* _TASK GOAL_: Write out the data below in full, unchanged, minus the images.

[MATERIAL PROVIDED]

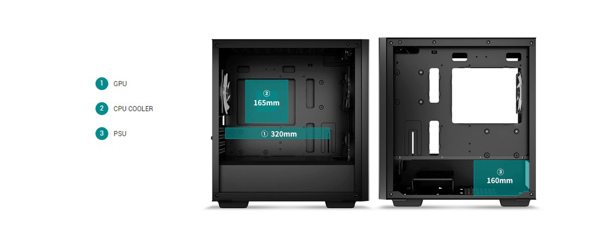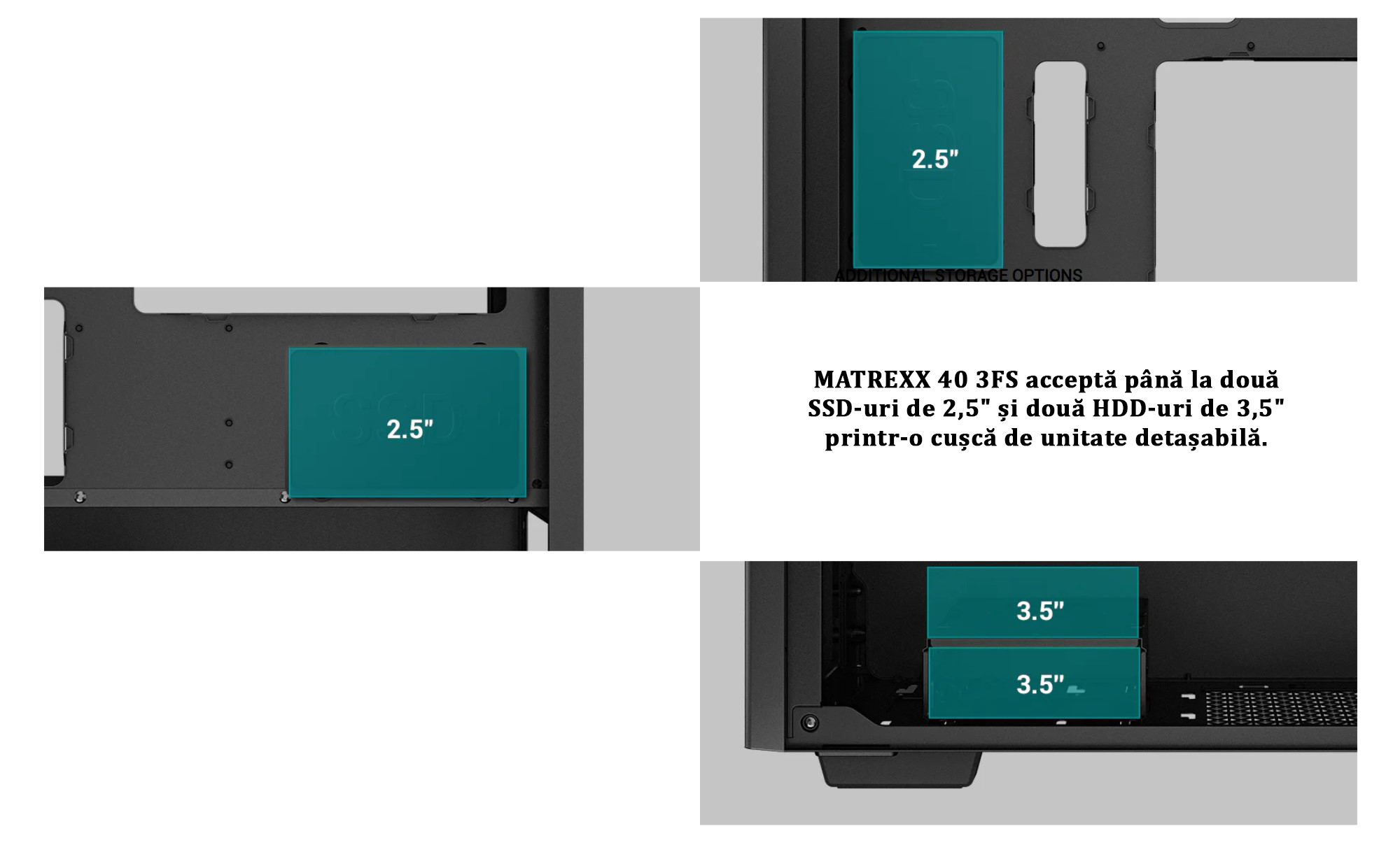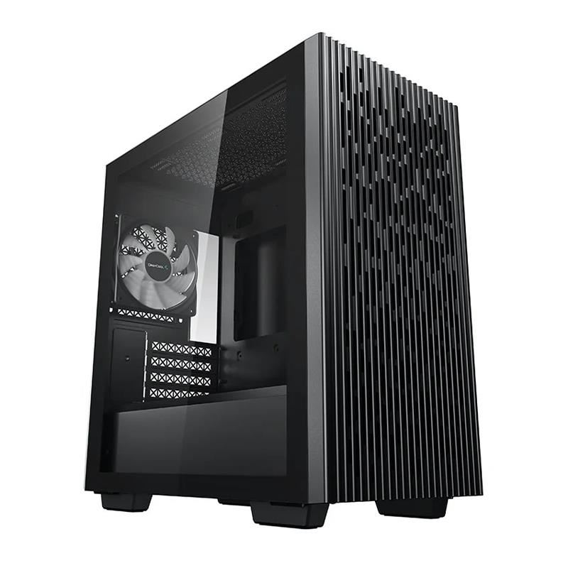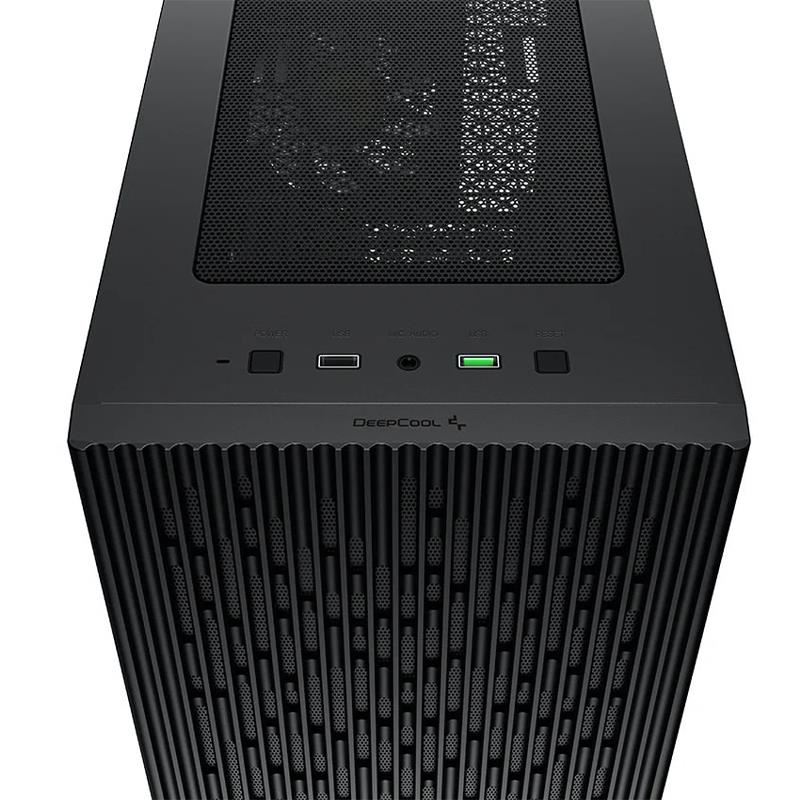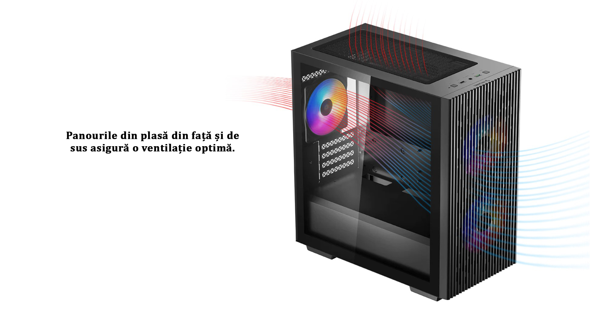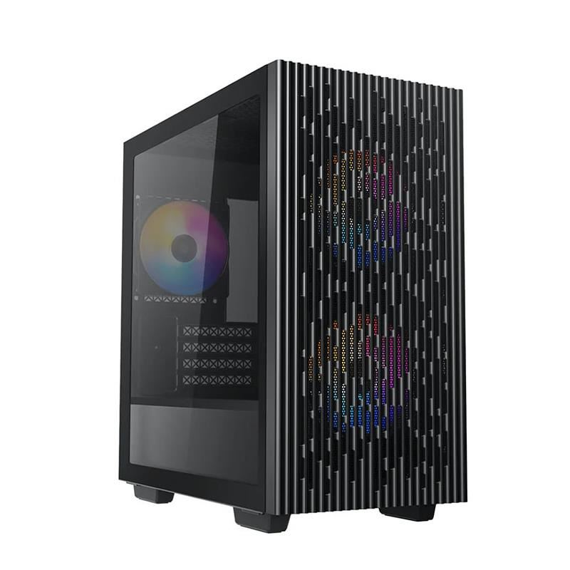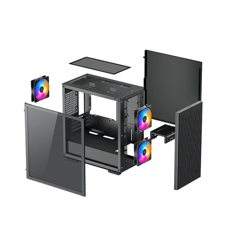 Deepcool Matrexx 40 3FS Case Black, ABS+SPCC Steel ATX Mid Tower, fara sursa (tip ATX, montata jos), interior vopsit negru, 2x3,5” (intern), 2x2,5” (intern), spate – 1x120mm fRGB fan (inclus), fata – 2x 120mm fRGB fan (inclus) / 1x 120mm (optional) / 2x 140mm (optional), tavan – 2x 120mm (optional) / 2x 140mm (optional), 1x USB 3.0, 1x USB 2.0, HD Audio, sloturi expansiune: x4, microATX / Mini-ITX, inaltime maxima cooler procesor: 165mm, lungime maxima placa video: 320mm, suport radiatoare water cooling: spate – 120mm, dimensiuni (LxWxH): 400x215x431mm, greutate: 5.52 kg
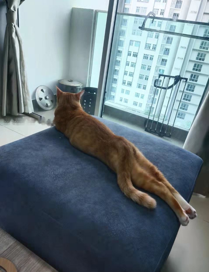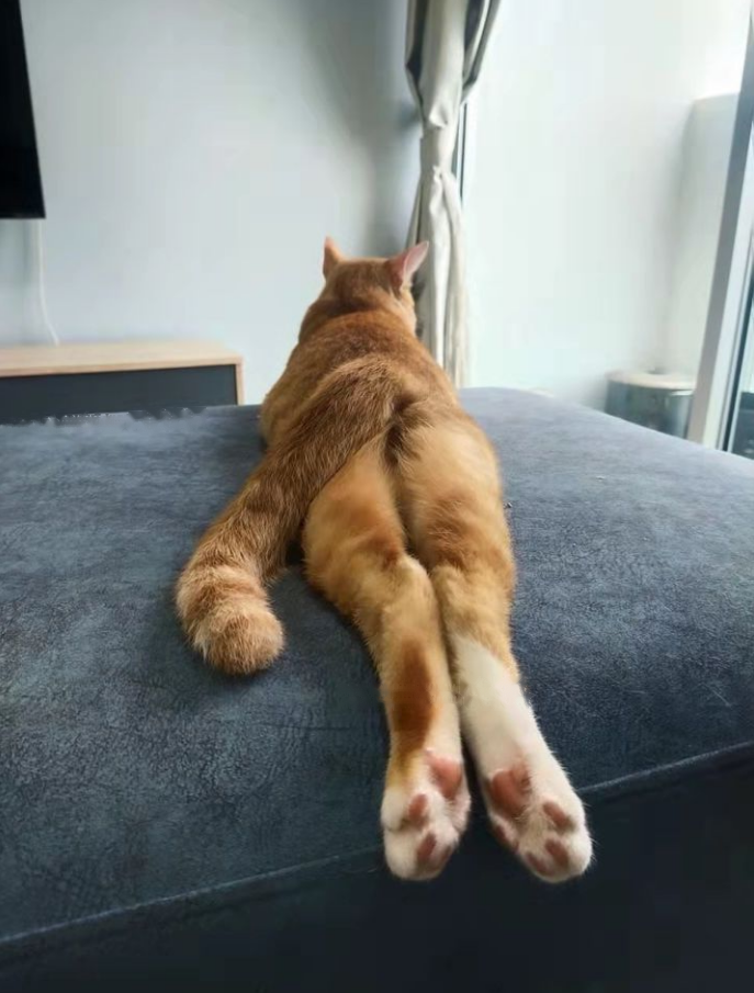 It is impolite to expose the cat's real leg length. Big orange will wink at you and forget about the appearance of sitting on it.
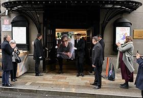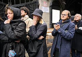 Прощание с заслуженным деятелем науки РФ и театроведом Алексеем Бартошевичем в Учебном театре ГИТИС.
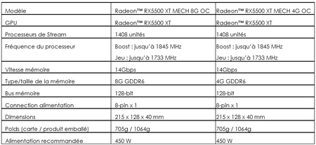 Les versions 8Go des nouvelles cartes graphiques de la série MSI Radeon™ RX 5500 XT GAMING / MECH seront disponibles en France courant décembre 2019 au tarif public conseillé de 234€ pour la série MECH et 269€ pour la série GAMING.
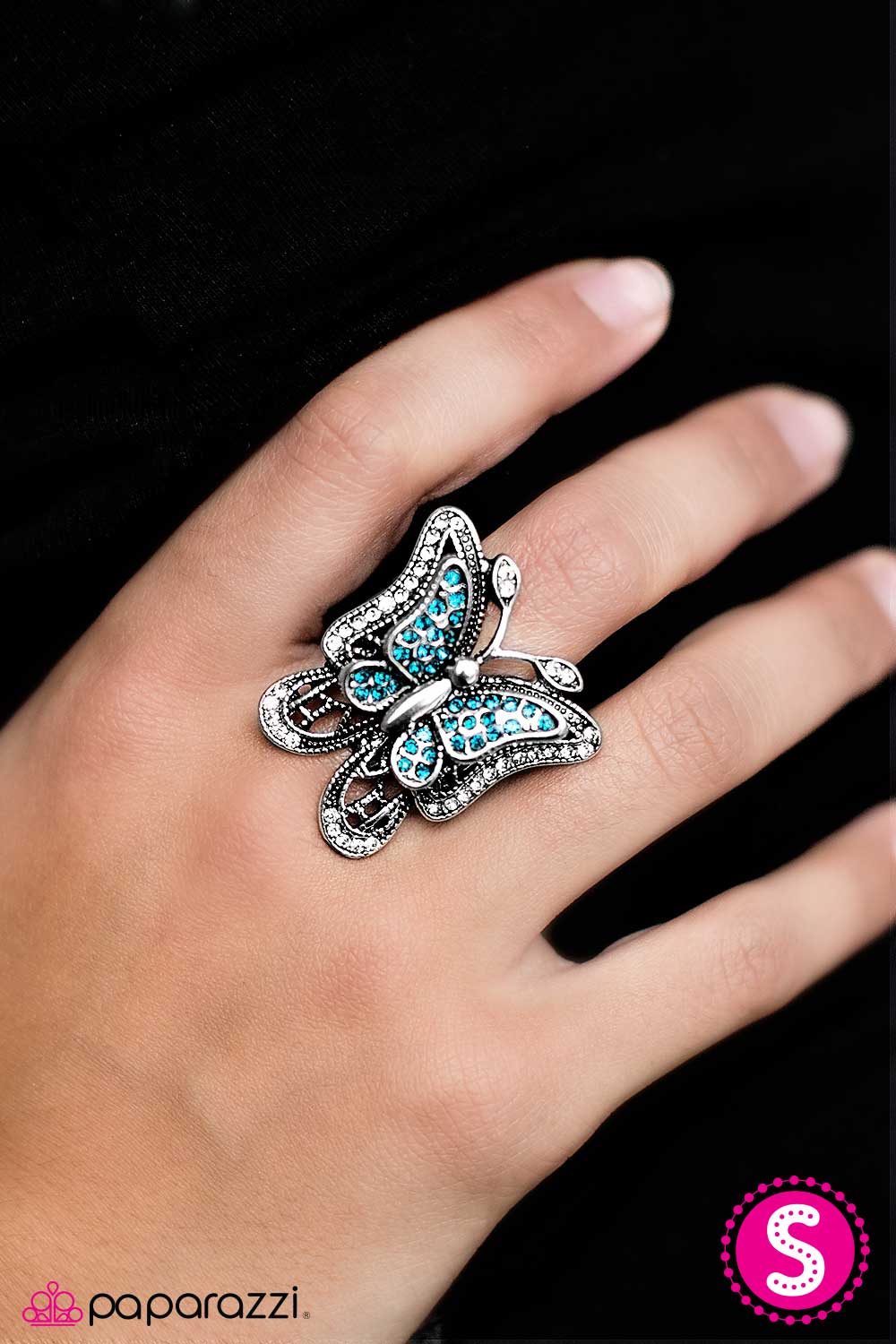 Dazzling white and blue rhinestones are sprinkled across the wings of a silver butterfly, creating a whimsical frame atop the finger.

[/MATERIAL PROVIDED]

* _YOUR RESPONSE_:
 Deepcool Matrexx 40 3FS Case Black, ABS+SPCC Steel ATX Mid Tower, fara sursa (tip ATX, montata jos), interior vopsit negru, 2x3,5” (intern), 2x2,5” (intern), spate – 1x120mm fRGB fan (inclus), fata – 2x 120mm fRGB fan (inclus) / 1x 120mm (optional) / 2x 140mm (optional), tavan – 2x 120mm (optional) / 2x 140mm (optional), 1x USB 3.0, 1x USB 2.0, HD Audio, sloturi expansiune: x4, microATX / Mini-ITX, inaltime maxima cooler procesor: 165mm, lungime maxima placa video: 320mm, suport radiatoare water cooling: spate – 120mm, dimensiuni (LxWxH): 400x215x431mm, greutate: 5.52 kg
 It is impolite to expose the cat's real leg length. Big orange will wink at you and forget about the appearance of sitting on it.
 Прощание с заслуженным деятелем науки РФ и театроведом Алексеем Бартошевичем в Учебном театре ГИТИС.
 Les versions 8Go des nouvelles cartes graphiques de la série MSI Radeon™ RX 5500 XT GAMING / MECH seront disponibles en France courant décembre 2019 au tarif public conseillé de 234€ pour la série MECH et 269€ pour la série GAMING.
 Dazzling white and blue rhinestones are sprinkled across the wings of a silver butterfly, creating a whimsical frame atop the finger.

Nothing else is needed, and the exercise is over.